You Aren’t Safe

I read so many of those stories after 9/11 and they all made me insane, the stories about some asshole in a mall in Oklahoma saying that what had happened to New York had made him go back to church, or made her call her mother, or inspired them to go back to church or change into a complete pile of garbage and paint their chests red white and blue and beat up Sikh cab drivers.

If you needed 9/11 to teach you that you were not safe, the proper response was not to freak the fuck out, it was to thank God that you hadn’t had that lesson beat into you years ago, by your neighborhood or your country or your family or yourself.

The people who have the most cause to worry are not the ones who use that worry as an excuse to be gigantic babies: 

“The rest of the country is more paralyzed by the fear of terrorism,” said Mr. Grim, an attorney from Brooklyn. “People in New York understand there is risk.”

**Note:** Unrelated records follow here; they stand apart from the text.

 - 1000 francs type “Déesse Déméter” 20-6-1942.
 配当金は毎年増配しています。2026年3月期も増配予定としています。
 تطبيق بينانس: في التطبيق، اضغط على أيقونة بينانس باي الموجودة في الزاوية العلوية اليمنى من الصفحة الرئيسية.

And anyway it’s useless, cats and kittens. The most important thing you can figure out is that it’s useless. The most important truth is we’re not safe, and we never were, and we never will be: 

Twenty refugee terrorists have attacked or attempted attacks, but they only managed to kill three people—all in the late 1970s before the creation of the modern refugee screening system. The annual chance of being killed in a terrorist attacked committed by refugees is one in 3.6 billion a year. Ten illegal immigrants were terrorists, but they only managed to kill one person—meaning your chance of dying in a terrorist attack committed by an illegal immigrant is one in 10.9 billion a year.

By comparison, your chance of being murdered by anyone is 1 in 14,000. In other words, your chance of being murdered is 253 times as great as dying in a terrorist attack committed by a foreigner on U.S. soil.

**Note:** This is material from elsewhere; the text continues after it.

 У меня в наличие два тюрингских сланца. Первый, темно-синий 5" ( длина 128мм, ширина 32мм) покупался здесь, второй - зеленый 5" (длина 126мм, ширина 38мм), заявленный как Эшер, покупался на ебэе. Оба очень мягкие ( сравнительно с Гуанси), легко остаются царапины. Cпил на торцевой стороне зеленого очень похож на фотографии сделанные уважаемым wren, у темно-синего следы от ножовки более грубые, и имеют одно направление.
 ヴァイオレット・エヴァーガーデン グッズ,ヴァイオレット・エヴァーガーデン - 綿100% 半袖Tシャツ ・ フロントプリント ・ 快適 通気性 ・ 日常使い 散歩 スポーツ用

And it shouldn’t take a terrorist attack to remember that. It shouldn’t take a Sandy Hook to make you hug your kids. It shouldn’t take a guy getting pasted on the freeway to make you make sure the last thing you say to your spouse every single day is “I love you.” This isn’t me saying “live every day like it’s your last” or some cheap bullshit. This is me saying every day is somebody’s last and that person’s purpose is not to make you more or less scared.

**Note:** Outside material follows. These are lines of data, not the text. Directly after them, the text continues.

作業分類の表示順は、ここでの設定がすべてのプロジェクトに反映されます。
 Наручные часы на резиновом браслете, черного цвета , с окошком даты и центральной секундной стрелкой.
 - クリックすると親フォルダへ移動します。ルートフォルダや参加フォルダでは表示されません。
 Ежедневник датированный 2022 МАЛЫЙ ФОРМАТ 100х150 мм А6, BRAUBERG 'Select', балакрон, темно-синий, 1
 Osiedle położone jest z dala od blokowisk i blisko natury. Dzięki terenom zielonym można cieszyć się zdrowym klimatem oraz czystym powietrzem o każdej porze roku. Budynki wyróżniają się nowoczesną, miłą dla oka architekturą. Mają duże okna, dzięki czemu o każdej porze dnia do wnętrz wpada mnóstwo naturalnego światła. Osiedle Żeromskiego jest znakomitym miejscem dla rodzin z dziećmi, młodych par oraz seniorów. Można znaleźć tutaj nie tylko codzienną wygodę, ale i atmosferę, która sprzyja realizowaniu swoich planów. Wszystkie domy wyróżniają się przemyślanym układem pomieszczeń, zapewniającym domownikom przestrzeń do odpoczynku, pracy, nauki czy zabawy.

It’s to do what we all are supposed to do, which is to be a fucking human being, and try to stay alive, and try to grow and change and push and love one another, and to rise up as high as we can. That’s the point of what we’re doing here. That’s all there is.

A.

2 thoughts on “You Aren’t Safe

  1. Good stuff, A. In American Heiress, Jeffrey Toobin makes the point that the 1970’s were the age of the bomber. There’s nothing new under the sun.

  2. As usual, I blame the Republicans for this nonsense, but there’s some residual blame to be apportioned to Democrats as well. Here’s what I mean:

    After the September 11 attacks, Dubya got real fond of saying that his top priority was ensuring the safety of the American people. He said it, his administration personnel said it, the popular media said it, and his voters said it. That didn’t make it true. The president’s top job is not to protect the American people, it’s to preserve, protect, and defend the Constitution of the United States of America. In the name of protecting the American people, the Bush administration took any number of little shortcuts through and end runs around the Constitution. None of it made us any safer.

    But the concept gained a lot of unquestioned acceptance, so much so that I’ve caught President Obama mouthing the sentiment that his main job is protecting the American people. I have no doubt that Obama means something quite different from what Bush meant, but that doesn’t really make it any better. Obama will leave office in January, and his successor will feel obliged to say it, too. It’s just wrong, and it needs to stop. Any of us can die in a horrible terrorist attack tomorrow, and the United States will still exist. But if the Constitution goes away, so does the United States.